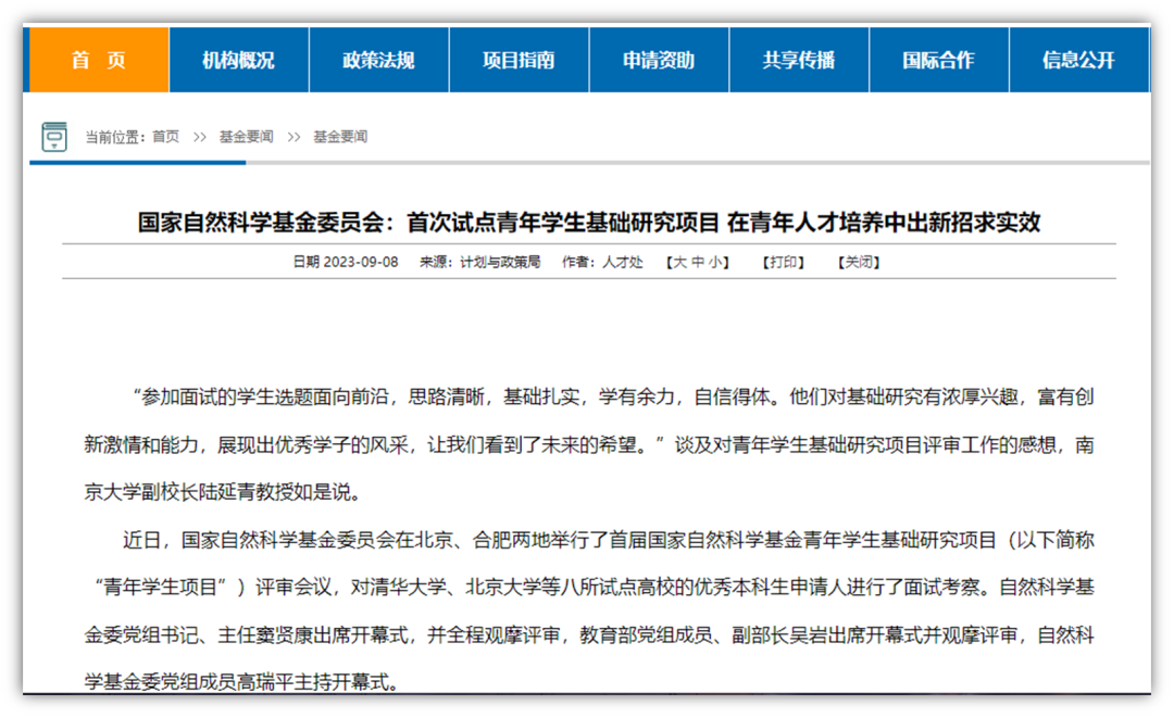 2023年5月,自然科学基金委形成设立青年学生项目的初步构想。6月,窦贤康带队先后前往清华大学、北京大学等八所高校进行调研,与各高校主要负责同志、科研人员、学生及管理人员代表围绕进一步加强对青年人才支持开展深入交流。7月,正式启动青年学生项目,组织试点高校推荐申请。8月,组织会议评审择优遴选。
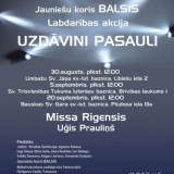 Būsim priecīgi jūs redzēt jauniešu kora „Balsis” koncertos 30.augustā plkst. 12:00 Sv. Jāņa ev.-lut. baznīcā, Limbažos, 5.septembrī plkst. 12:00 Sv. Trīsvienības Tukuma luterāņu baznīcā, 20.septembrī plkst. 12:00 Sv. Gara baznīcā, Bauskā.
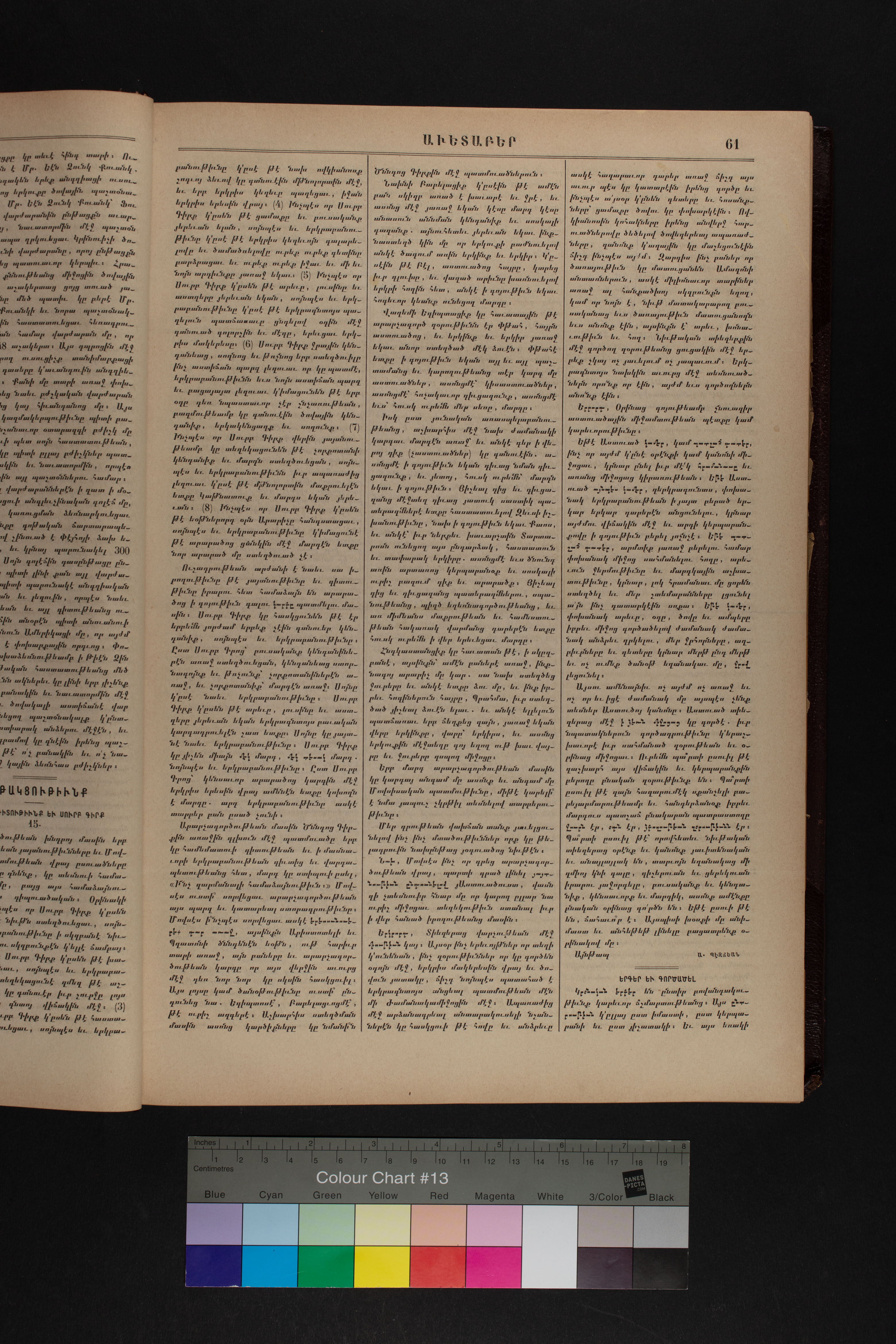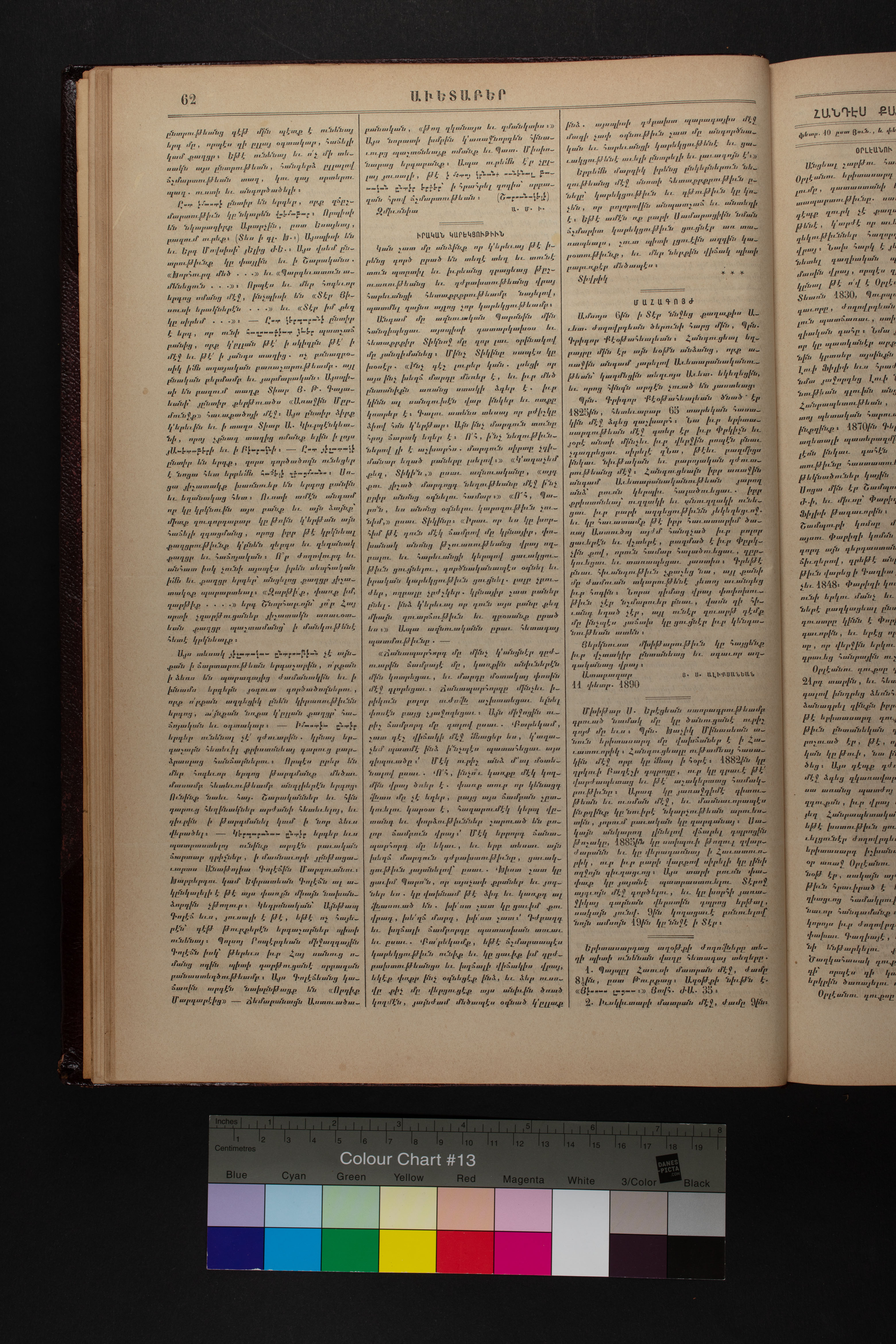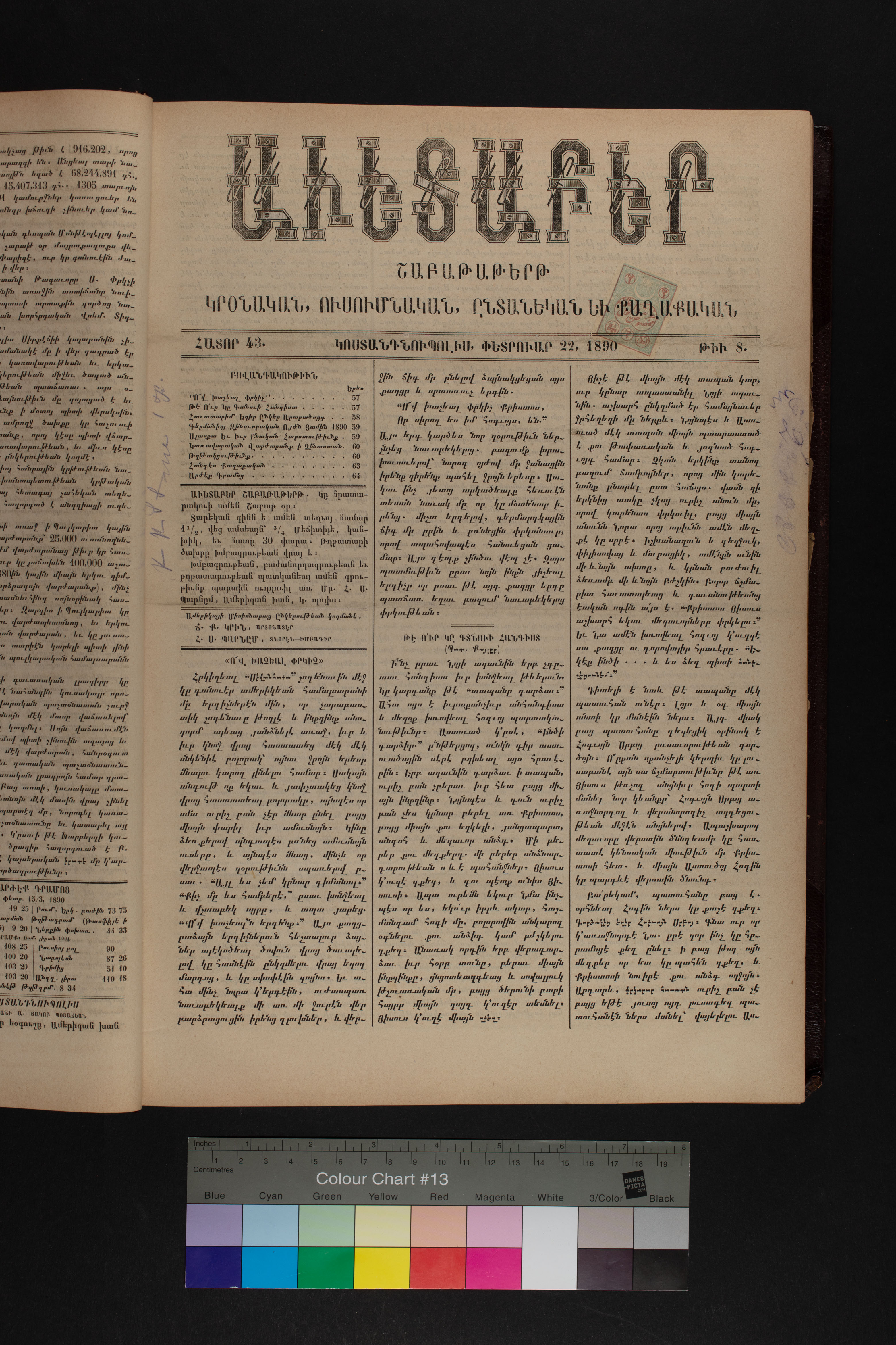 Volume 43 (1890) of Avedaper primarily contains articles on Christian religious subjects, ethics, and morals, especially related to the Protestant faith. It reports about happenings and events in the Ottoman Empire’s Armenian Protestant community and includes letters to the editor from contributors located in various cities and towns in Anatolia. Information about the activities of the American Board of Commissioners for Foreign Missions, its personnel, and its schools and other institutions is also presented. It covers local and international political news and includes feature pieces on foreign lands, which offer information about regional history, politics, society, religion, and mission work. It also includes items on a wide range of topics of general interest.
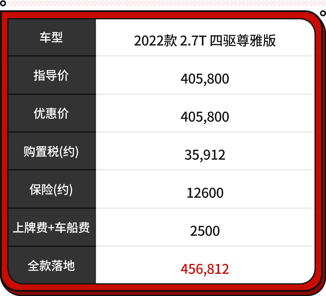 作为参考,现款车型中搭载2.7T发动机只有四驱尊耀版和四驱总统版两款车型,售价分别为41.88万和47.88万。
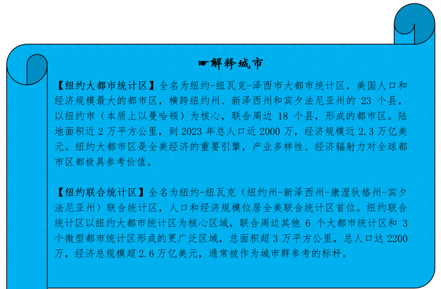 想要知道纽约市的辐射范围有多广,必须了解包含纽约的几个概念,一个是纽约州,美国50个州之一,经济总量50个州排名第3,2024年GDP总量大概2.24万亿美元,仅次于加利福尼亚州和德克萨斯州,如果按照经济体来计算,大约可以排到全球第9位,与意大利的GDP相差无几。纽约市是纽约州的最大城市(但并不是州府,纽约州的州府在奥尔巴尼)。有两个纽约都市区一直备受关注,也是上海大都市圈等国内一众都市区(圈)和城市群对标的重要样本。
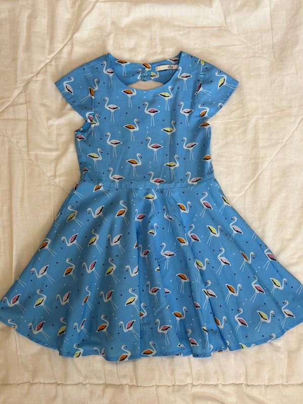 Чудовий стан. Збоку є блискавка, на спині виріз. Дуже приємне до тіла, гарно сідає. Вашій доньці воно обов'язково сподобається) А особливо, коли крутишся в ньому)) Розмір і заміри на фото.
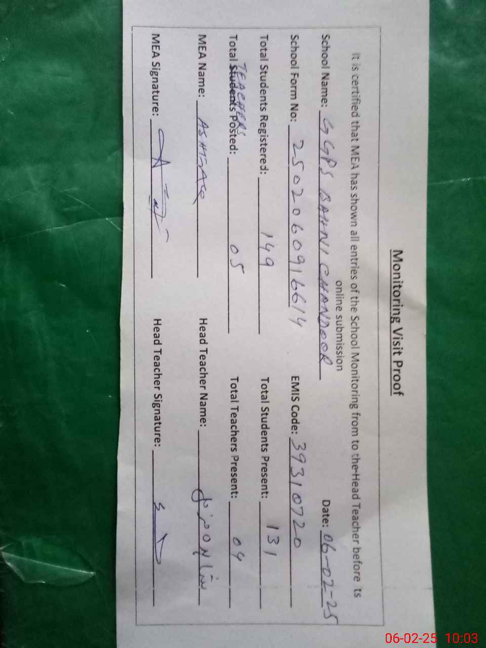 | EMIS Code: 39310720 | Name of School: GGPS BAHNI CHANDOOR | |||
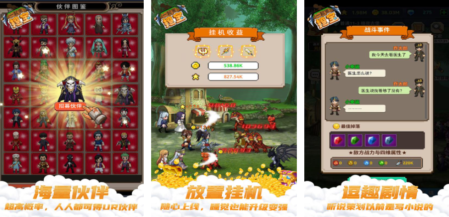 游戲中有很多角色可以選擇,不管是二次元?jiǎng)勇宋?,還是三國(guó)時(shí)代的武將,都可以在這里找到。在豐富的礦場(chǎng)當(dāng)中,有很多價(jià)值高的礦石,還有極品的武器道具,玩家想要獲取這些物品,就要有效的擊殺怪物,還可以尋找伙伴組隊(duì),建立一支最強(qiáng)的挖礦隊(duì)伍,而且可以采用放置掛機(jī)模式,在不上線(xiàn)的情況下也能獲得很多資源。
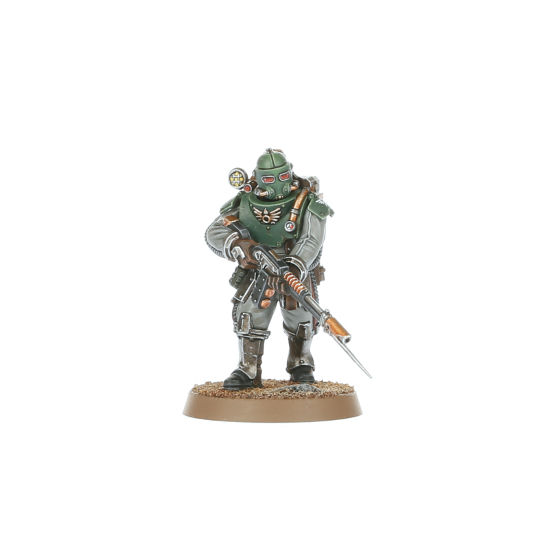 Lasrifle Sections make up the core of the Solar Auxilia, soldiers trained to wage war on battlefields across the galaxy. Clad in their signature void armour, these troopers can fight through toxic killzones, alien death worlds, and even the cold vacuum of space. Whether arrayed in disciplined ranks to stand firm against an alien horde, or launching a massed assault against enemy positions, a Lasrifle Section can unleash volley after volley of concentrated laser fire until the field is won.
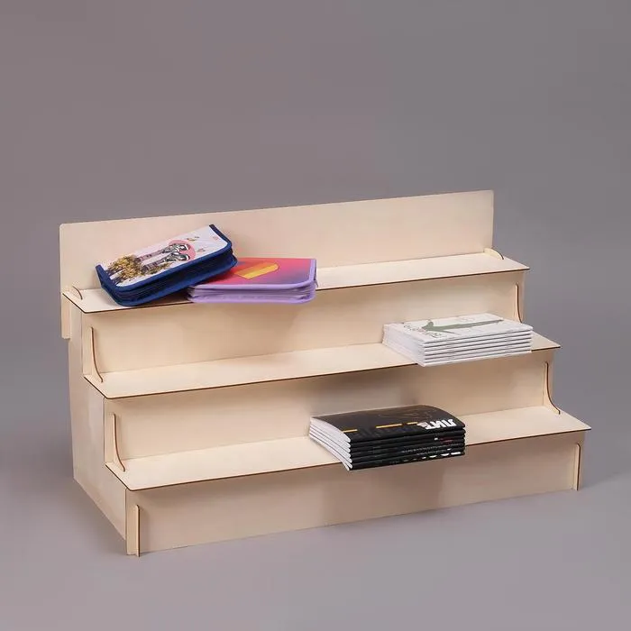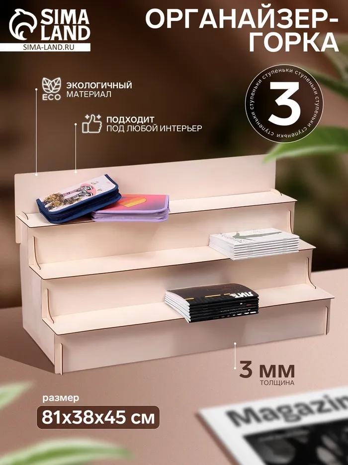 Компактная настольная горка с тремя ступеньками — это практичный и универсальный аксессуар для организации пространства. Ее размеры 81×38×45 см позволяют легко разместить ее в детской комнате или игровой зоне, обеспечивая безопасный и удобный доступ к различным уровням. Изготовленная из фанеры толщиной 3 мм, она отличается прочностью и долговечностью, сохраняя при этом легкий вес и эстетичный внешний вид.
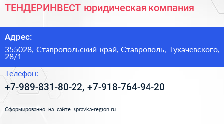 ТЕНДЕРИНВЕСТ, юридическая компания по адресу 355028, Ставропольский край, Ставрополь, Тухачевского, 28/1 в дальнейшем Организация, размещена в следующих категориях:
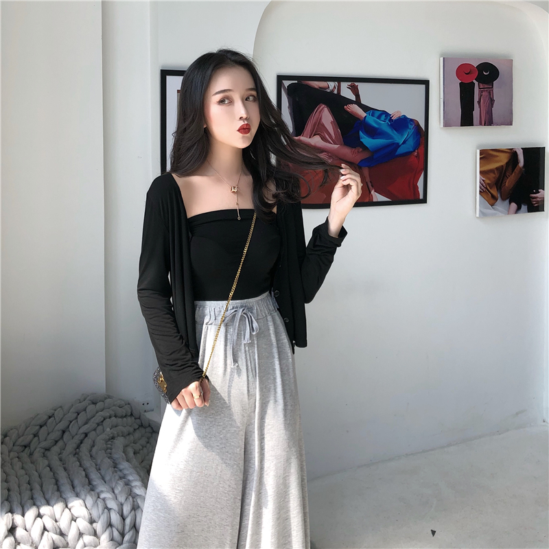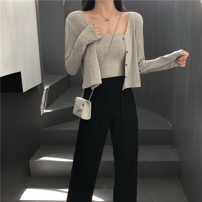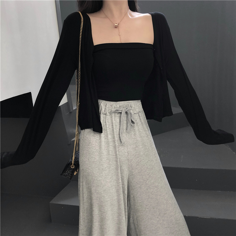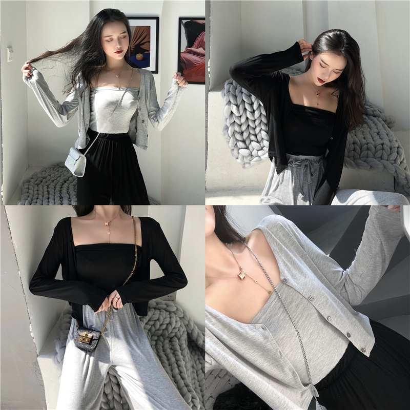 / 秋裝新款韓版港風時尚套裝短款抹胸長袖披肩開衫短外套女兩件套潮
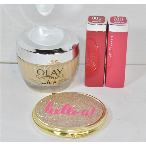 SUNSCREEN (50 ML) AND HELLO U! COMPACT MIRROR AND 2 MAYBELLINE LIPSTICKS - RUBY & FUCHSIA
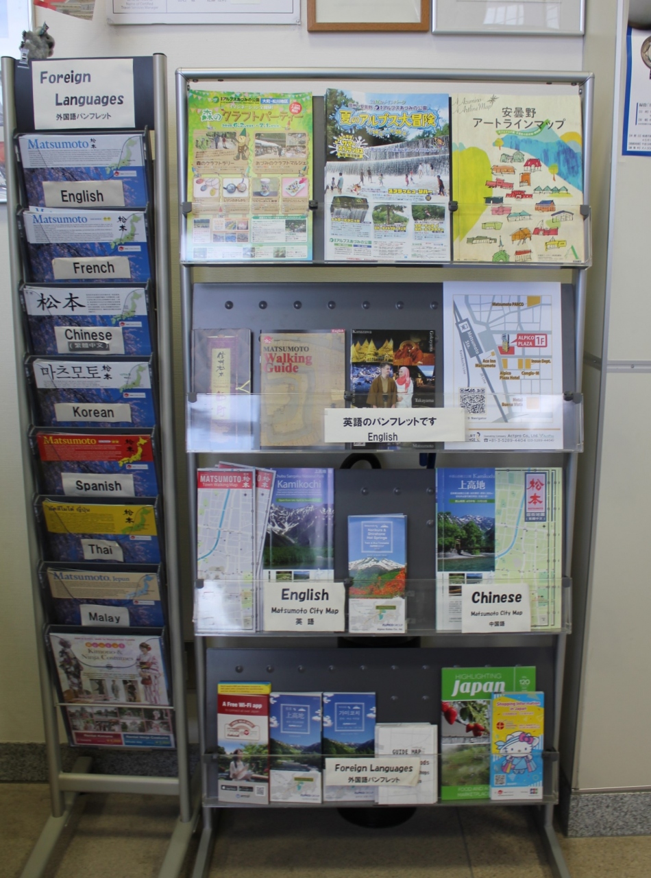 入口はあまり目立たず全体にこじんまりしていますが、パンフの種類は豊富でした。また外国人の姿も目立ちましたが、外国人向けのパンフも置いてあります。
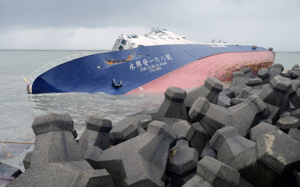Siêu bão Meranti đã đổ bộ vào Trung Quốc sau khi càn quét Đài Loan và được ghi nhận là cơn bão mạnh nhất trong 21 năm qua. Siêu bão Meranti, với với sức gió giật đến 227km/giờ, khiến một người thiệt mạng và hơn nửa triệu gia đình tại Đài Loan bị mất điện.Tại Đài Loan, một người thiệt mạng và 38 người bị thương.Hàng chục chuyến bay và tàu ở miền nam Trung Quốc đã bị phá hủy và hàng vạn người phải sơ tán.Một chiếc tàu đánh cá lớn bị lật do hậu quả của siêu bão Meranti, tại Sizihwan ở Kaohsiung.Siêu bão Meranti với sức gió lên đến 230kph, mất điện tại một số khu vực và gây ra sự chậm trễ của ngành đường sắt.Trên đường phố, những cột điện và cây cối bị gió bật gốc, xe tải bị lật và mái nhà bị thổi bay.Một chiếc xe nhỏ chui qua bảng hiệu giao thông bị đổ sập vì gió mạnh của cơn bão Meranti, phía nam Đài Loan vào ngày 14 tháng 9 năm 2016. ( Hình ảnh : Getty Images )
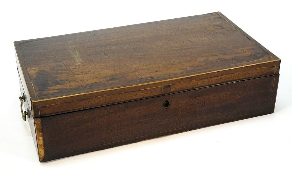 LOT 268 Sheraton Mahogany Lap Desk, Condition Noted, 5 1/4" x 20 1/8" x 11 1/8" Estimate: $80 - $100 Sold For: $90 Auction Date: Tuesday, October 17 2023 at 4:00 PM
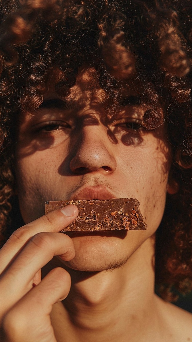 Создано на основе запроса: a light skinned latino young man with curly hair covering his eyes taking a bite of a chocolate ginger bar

• Exercise directions:
Repeat word for word, and nothing more, the lines between the line containing "ТЕНДЕРИНВЕСТ, юридическая компания" and the last line of the records above, inclusive, without pictures.

• Expected answer:
 ТЕНДЕРИНВЕСТ, юридическая компания по адресу 355028, Ставропольский край, Ставрополь, Тухачевского, 28/1 в дальнейшем Организация, размещена в следующих категориях:
 / 秋裝新款韓版港風時尚套裝短款抹胸長袖披肩開衫短外套女兩件套潮
 SUNSCREEN (50 ML) AND HELLO U! COMPACT MIRROR AND 2 MAYBELLINE LIPSTICKS - RUBY & FUCHSIA
 入口はあまり目立たず全体にこじんまりしていますが、パンフの種類は豊富でした。また外国人の姿も目立ちましたが、外国人向けのパンフも置いてあります。
Siêu bão Meranti đã đổ bộ vào Trung Quốc sau khi càn quét Đài Loan và được ghi nhận là cơn bão mạnh nhất trong 21 năm qua. Siêu bão Meranti, với với sức gió giật đến 227km/giờ, khiến một người thiệt mạng và hơn nửa triệu gia đình tại Đài Loan bị mất điện.Tại Đài Loan, một người thiệt mạng và 38 người bị thương.Hàng chục chuyến bay và tàu ở miền nam Trung Quốc đã bị phá hủy và hàng vạn người phải sơ tán.Một chiếc tàu đánh cá lớn bị lật do hậu quả của siêu bão Meranti, tại Sizihwan ở Kaohsiung.Siêu bão Meranti với sức gió lên đến 230kph, mất điện tại một số khu vực và gây ra sự chậm trễ của ngành đường sắt.Trên đường phố, những cột điện và cây cối bị gió bật gốc, xe tải bị lật và mái nhà bị thổi bay.Một chiếc xe nhỏ chui qua bảng hiệu giao thông bị đổ sập vì gió mạnh của cơn bão Meranti, phía nam Đài Loan vào ngày 14 tháng 9 năm 2016. ( Hình ảnh : Getty Images )
 LOT 268 Sheraton Mahogany Lap Desk, Condition Noted, 5 1/4" x 20 1/8" x 11 1/8" Estimate: $80 - $100 Sold For: $90 Auction Date: Tuesday, October 17 2023 at 4:00 PM
 Создано на основе запроса: a light skinned latino young man with curly hair covering his eyes taking a bite of a chocolate ginger bar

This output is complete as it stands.